Iñárritu seems to be of two minds, he mocks superhero films, but buttresses his film with its tropes and moneyshots, he both dismisses criticism and has the critic won over by the “supra-realism” of the story, he undermines the supernatural powers of Riggan and then demands the audience treat them real. Iñárritu wants the gritty tragedy, but the Hollywood (re: Oscar winning) ending. The question of Reality is raised within the movie, primarily by Mike Shiner, Riggan’s scene stealing co-star, who views the stage not only as real art (unlike movies, for instance), but also real life. During one of the previews he steps out of character and abuses the audience: “You people are pathetic. Put the cell phones down and join the real world! Will somebody please just live in the real world?!” He later tells Sam that on stage he’s real: “I don't pretend. Not out there. Just about every place else, but never out there.”
It is here that the Macbeth connection makes sense. Riggan wants to do real art, he’s looking to establish his legacy.
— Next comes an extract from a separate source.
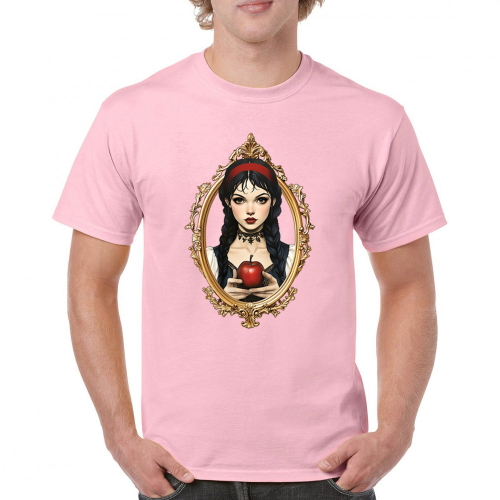Dark fairytale design with red apple, gold frame, and Snow White vibes. A dreamy blend of fantasy, gothic style, and magical storytelling.

Tabitha claims he’s never done anything real. His own daughter sees his play as a mere vanity project. She tells him that he ignores the real world: “You hate bloggers. You make fun of twitter. You don't even have a Facebook page. You're the one who doesn't exist.” (At the end she reverses her father’s inexistence by establishing a twitter account for him). But at this point he seeks to establish himself in the world much like Macbeth wished to establish his line. In the movie Riggan is Macbeth and Birdman is his lady, egging him on (and who eventually silenced). He adds to his play fog and people in tree costumes, telling his agent that it’s for a “dream sequence” reminiscent of Macbeth’s vision of Birnam Wood. Riggan also has visions, and his hubris by the end costs him everything. It is no accident that Iñárritu described Birdman as a tragedy even if he couldn’t carry out his ending explicitly.
Nonetheless, the movie is remarkable despite its flaws. Iñárritu’s bold experiment, strong cast, and innovative storytelling and staging keep the eye engaged even if it is -as the drunkard says- “but a walking shadow, a poor player that struts and frets his hour upon the stage and then is heard no more. It is a tale told by an idiot, full of sound and fury, signifying nothing."
- Release DateNovember 14, 2014
Good review, old chum. I have trouble getting into existential crisis movies after having five children, which leaves one with no time for such things, but this movie was a delight to watch and your analysis was enlightening. Especially on the “Thing is what it is” tip.